_What is expected:_ All of the listing is to be written out word for word, with the pictures left out.

_Information supplied:_

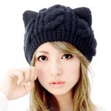 -Stylish Cat Ears Shape Design Women's Knitted Hemp Flowers Hat
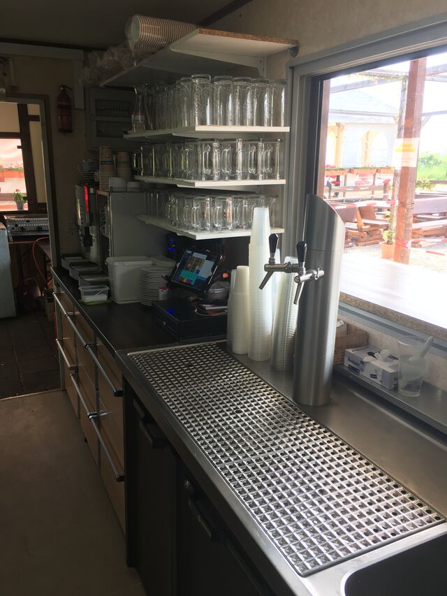 Alles wird in Gläsern ausgeschenkt oder kann im Becher mit an den Strand genommen werden.
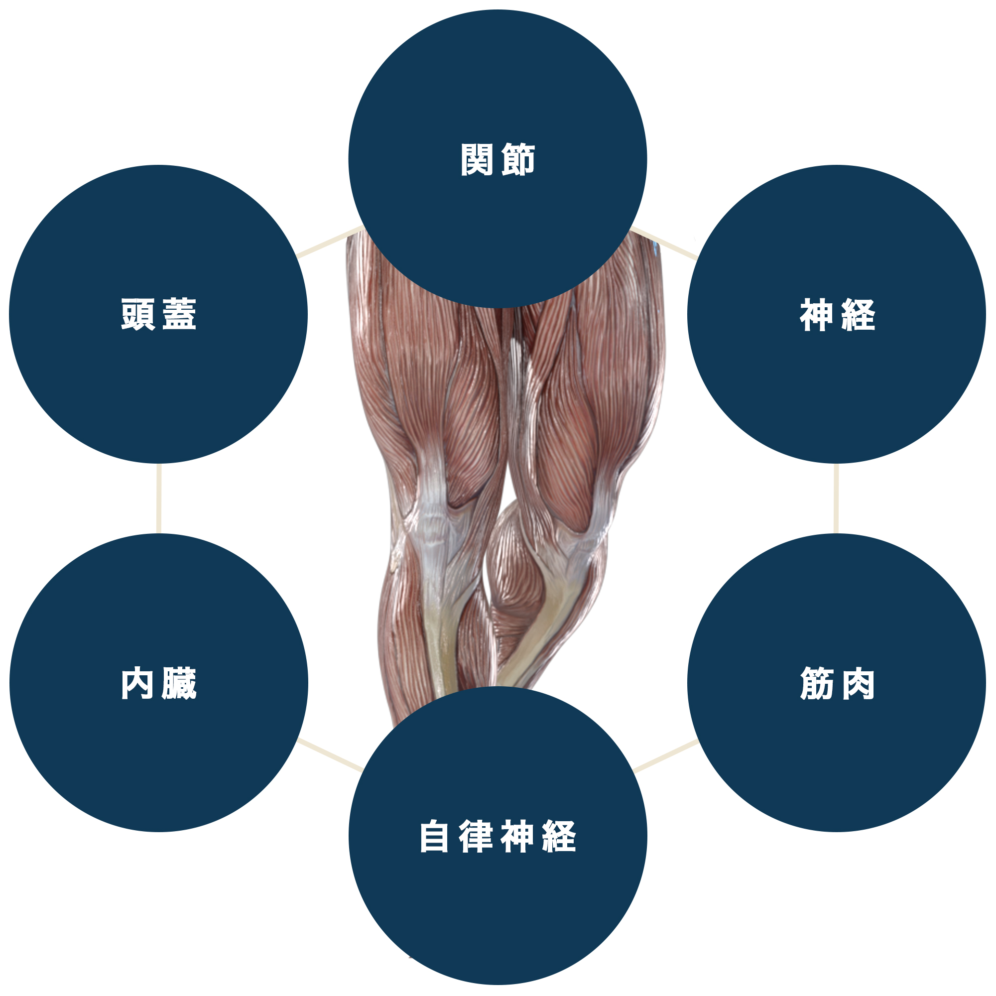 また、上記でも良くならない症状には、自律神経、内臓や頭蓋を調整することで根本的改善を目指していきます。
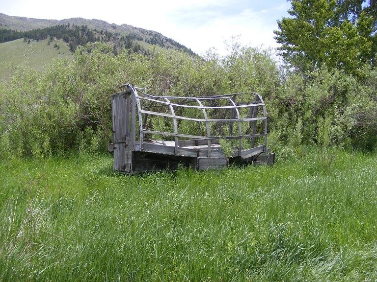 For you city folks and easterners, that is an old Sheep Wagon. The herders would live in it and move from place to place as the sheep grazed. I've had this one for years, parked it down by the creek for no reason other than it looked good sitting there. It is larger than most and probably was a "summer wagon" for herders that had a wife and kids. It is about 3 feet longer than the standard ones. Room for another small bed or two for the kids and a little more living room.

_Finished task:_
 -Stylish Cat Ears Shape Design Women's Knitted Hemp Flowers Hat
 Alles wird in Gläsern ausgeschenkt oder kann im Becher mit an den Strand genommen werden.
 また、上記でも良くならない症状には、自律神経、内臓や頭蓋を調整することで根本的改善を目指していきます。
 For you city folks and easterners, that is an old Sheep Wagon. The herders would live in it and move from place to place as the sheep grazed. I've had this one for years, parked it down by the creek for no reason other than it looked good sitting there. It is larger than most and probably was a "summer wagon" for herders that had a wife and kids. It is about 3 feet longer than the standard ones. Room for another small bed or two for the kids and a little more living room.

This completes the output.